# 4 days post-surgery and feeling fantastic!



## LizLemonade (Jan 4, 2013)

Hi all,

This is actually my first post on these boards.  I had been lurking for a while as I was diagnosed with Graves' in September and while I had clearly been symptomatic for a while, the officially diagnosis freaked me out as I had no idea what to expect. I should be honest that I read a bunch of stuff here about Graves' and RAI and TT and Synthroid and Armour and, well, kind of panicked. There's a *lot* of negativity! I stopped reading anything on the internet that wasn't from a legit medical source (NIH, Mayo) to calm my nerves, and chalked the negativity up to the fact that more people are likely to post something if they're having problems than if everything's going great. Which is why I'm here today - I want to encourage anyone going into thyroid surgery that it CAN be great. So here's my story. (Oh, if it helps, I'm a 32y.o. female and the only other health problems I was dealing with before the Graves' were asthma, depression -enormously helped with Wellbutrin- and mild psoriasis.)

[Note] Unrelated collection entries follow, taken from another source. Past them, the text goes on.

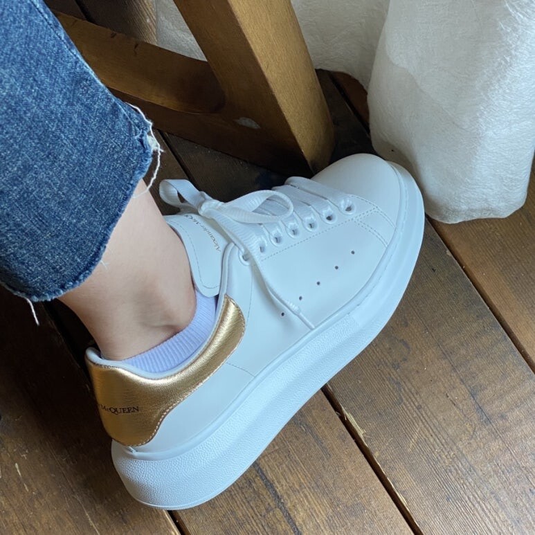 LEX02알렉산더 맥퀸 오버사이즈도 스니커즈 화이트 골드가죽 소재를 조합해 새롭게 선보이는 상징적인 트레이너 슈즈색상풀박스 쇼핑백옆면의 비통 시그니처사이즈36 23037 23538 24039 24540 250 ~255
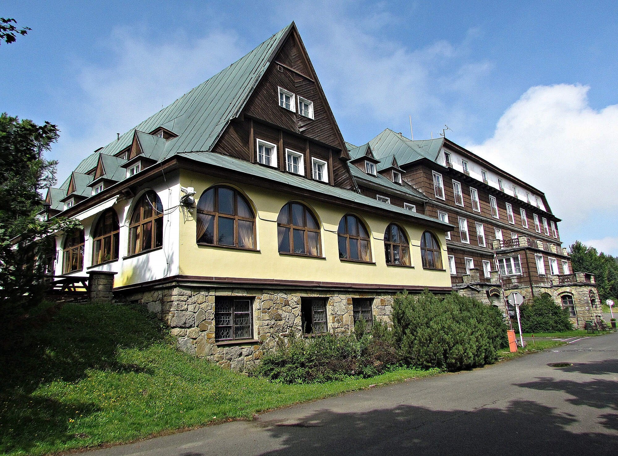 Stojí trochu stranou, asi 50 metrů pod „Maměnkou“, poblíž lyžařských vleků v nadm.výši 1018 m a patří nejstarším horským hotelům u nás. Po dostavbě začal být funkční od roku 1926 (za 3 roky jej čeká významné jubileum) a po dobu své existence uvítal tisíce a tisíce hostů. Dokonce tu spaly i některé významné osobnosti jako např.prezident T.G.Masaryk a další.
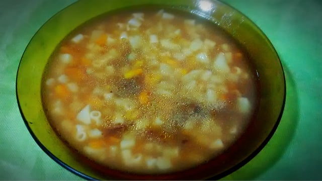 Em uma panela, refogue o alho, acrescente a carne e 1 cubo de caldo knorr.
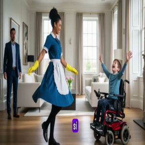 Santiago siente algo que no sentía hace dos años. Esperanza de verdad. Tres días después, la rutina especial de Camila con Mateo ya se volvió tradición. Transformó la limpieza de la casa en una gran aventura. Por las mañanas empuja su silla por la casa inventando historias sobre todo. El florero de la sala se convierte en castillo. La lámpara se convierte en nave espacial.
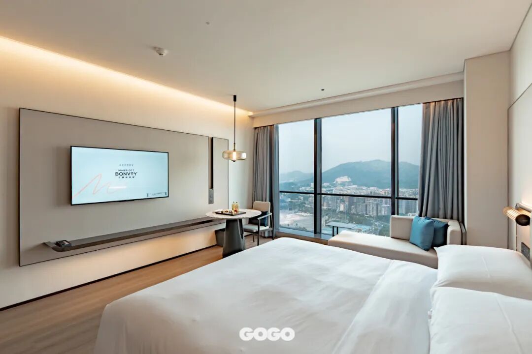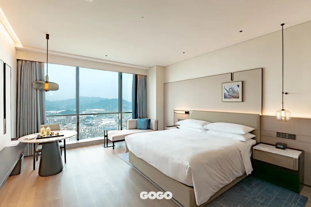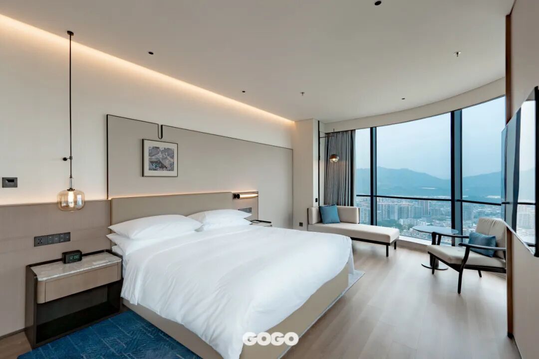 因为客房所属楼层较高,站在客房统一配备超大落地玻璃窗前,能将榕江以及周边城市景观全数尽收眼前。从清晨的微光到夜幕降临的璀璨,城市剪影与自然景致相互映衬,为客房带来光影变幻的独特景致。
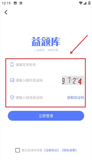 2、依次信息填写手机号、图片验证码和短信验证码。
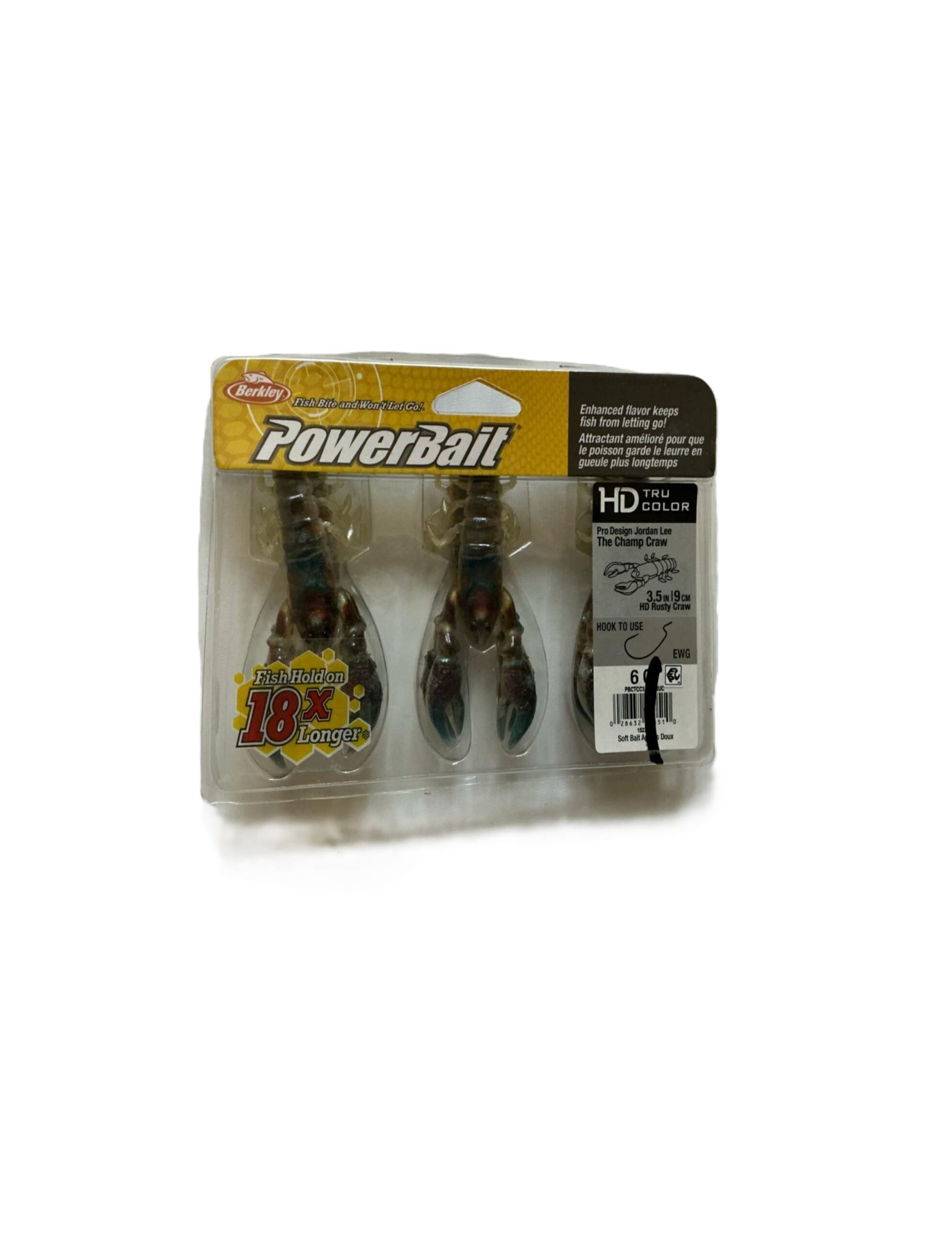 Designed by two time Bassmaster Classic® winner Jordan Lee, the Berkley® PowerBait® The Champ Craw features a lifelike profile and high-definition colors that mimic real bait. Its large claws float for more lifelike action.
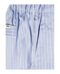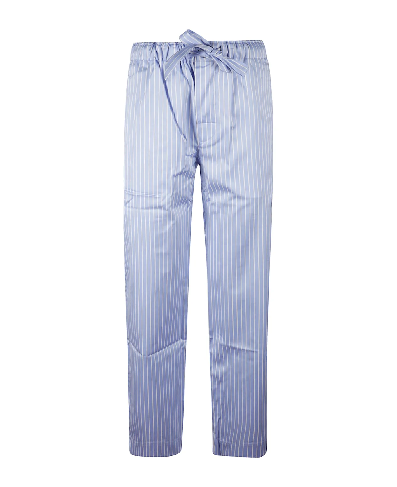 TEKLA striped pajama bottoms in blue organic cotton satin, featuring a gathered waist, a striped bow at the waist, a single back pocket and white trim at the sides. Composition: 100% Organic Cotton Made in: Portugal Color: Blue Model number: 57400149PANTSPOLOSTRIPES
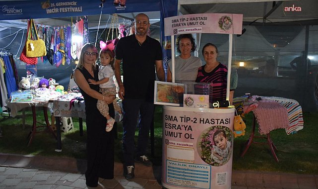 (AYDIN) - Germencik Belediye Başkanı Burak Zencirci, 21. Germencik İncir Festivali fuar alanında kurulan stantları ziyaret ederek, SMA hastası Esra Alkan ve Teoman Çiftçi ile aileleriye buluştu.Zencirci, 21. Germencik İncir Festivali kapsamında kurulan fuar alanındaki stantları ziyaret ederek esnaf ve vatandaşlarla buluştu. Zencirci, eşi Saliha Zencirci ve çocukları Özgür ve Piraye ile birlikte fuar alanına özel davet ettiği SMA hastası çocukların aileleri ve gönüllüleri tarafından açılan stantları da gezdi, festivale gelen misafirlerden destek talebinde bulundu.SMA hastası Esra Alkan ve Teoman Çiftçi’nin aileleri ve gönüllüleri Zencirci’ye teşekkür etti. Minik Esra’nın kendisi için yaptığı sulu boya resmi de satın alan Zencirci kampanyaya bağışta bulundu.“Çocuklarımızın sağlıklarına kavuşması en büyük dileğimiz”Destek çağrısı da yapan Zencirci, “21. Germencik İncir Festivali’mizde SMA hastası çocuklarımızın için kurulan stantlar bizim için en özel en önemli noktalar. Tüm vatandaşlarımızın, misafirlerimizin bu stantlara mutlaka uğramaları ve desteklerini göstermeleri bir insanlık görevidir. Miniklerimizin kısa sürede sağlıklarına kavuşmaları için umut biziz. Çocuklarımıza umut olalım” dedi.
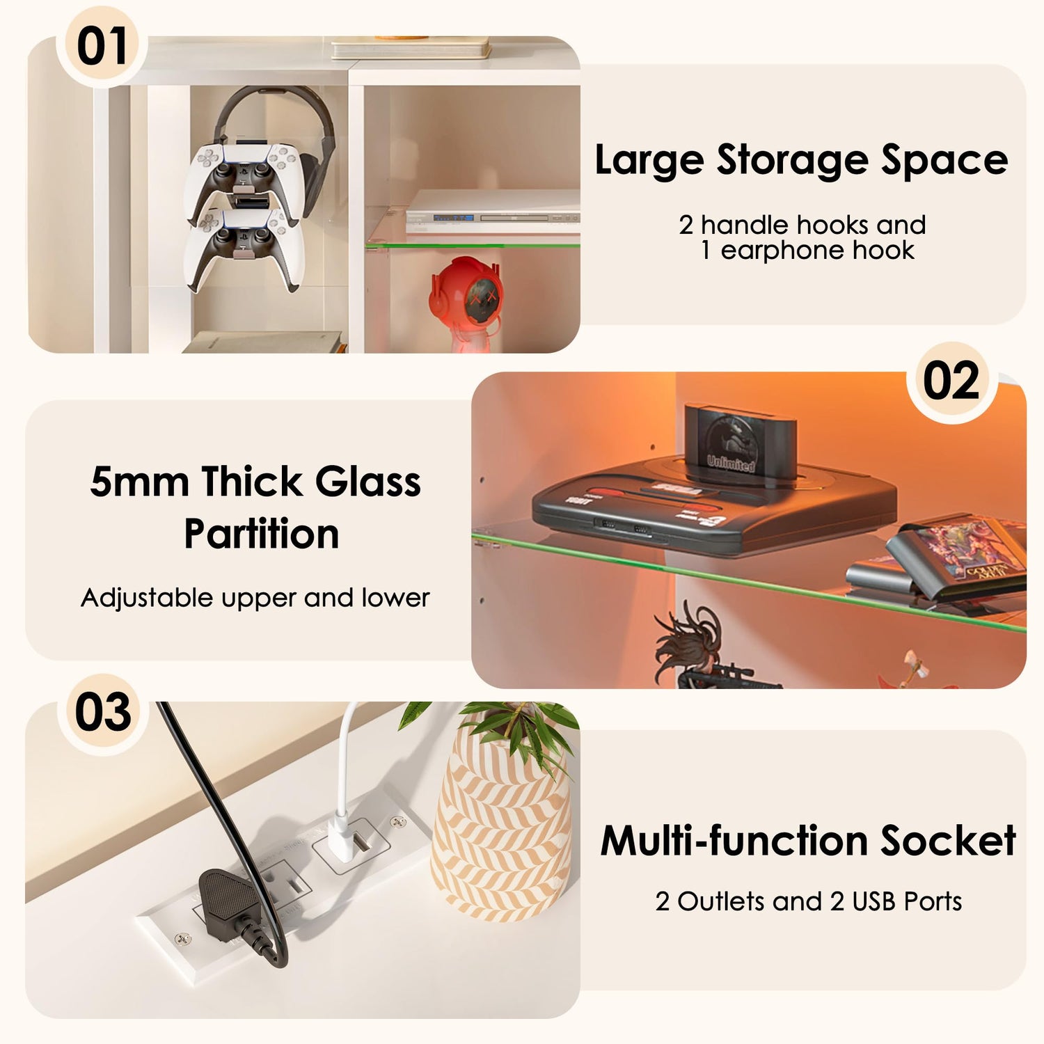 - 【STABLE POWER OUTLETS】This entertainment center offers 2 outlets and 2 USB ports to ensure you always have the necessary power wherever you place your devices. Easily charge gaming devices, TVs, cell phones and tablets.

As I said, I was diagnosed with Graves' in September once I really couldn't be in denial about my out-of-control symptoms any longer - I was sweating like a crazy person, having heart palpitations nonstop, constantly nauseated and throwing up in the most inopportune times and places, experiencing constant mood swings, out of breath all the time - there was obviously something wrong. Looking back, I clearly had been dealing with Graves' for many years without realizing it. (I had a lot of "oh, THAT'S what that was" moments after diagnosis.) So... put that lesson in the checkbox of "everyone should get annual bloodwork, no excuses." I'm convinced that the fact that I waited so long to get diagnosed is part of the reason that my Graves' was so out of control and couldn't be resolved by medication alone, (I was taking 40mg of methimazole a day and it took until last month for my T3 and T4 to enter the top of the normal zone while my TSH was still really low), so I was given the choice between the RAI and TT. After reading every possible detail of both, I opted for the TT. (There are a bunch of reasons why which I won't get into here, but I'd be happy to elaborate if anyone's interested.)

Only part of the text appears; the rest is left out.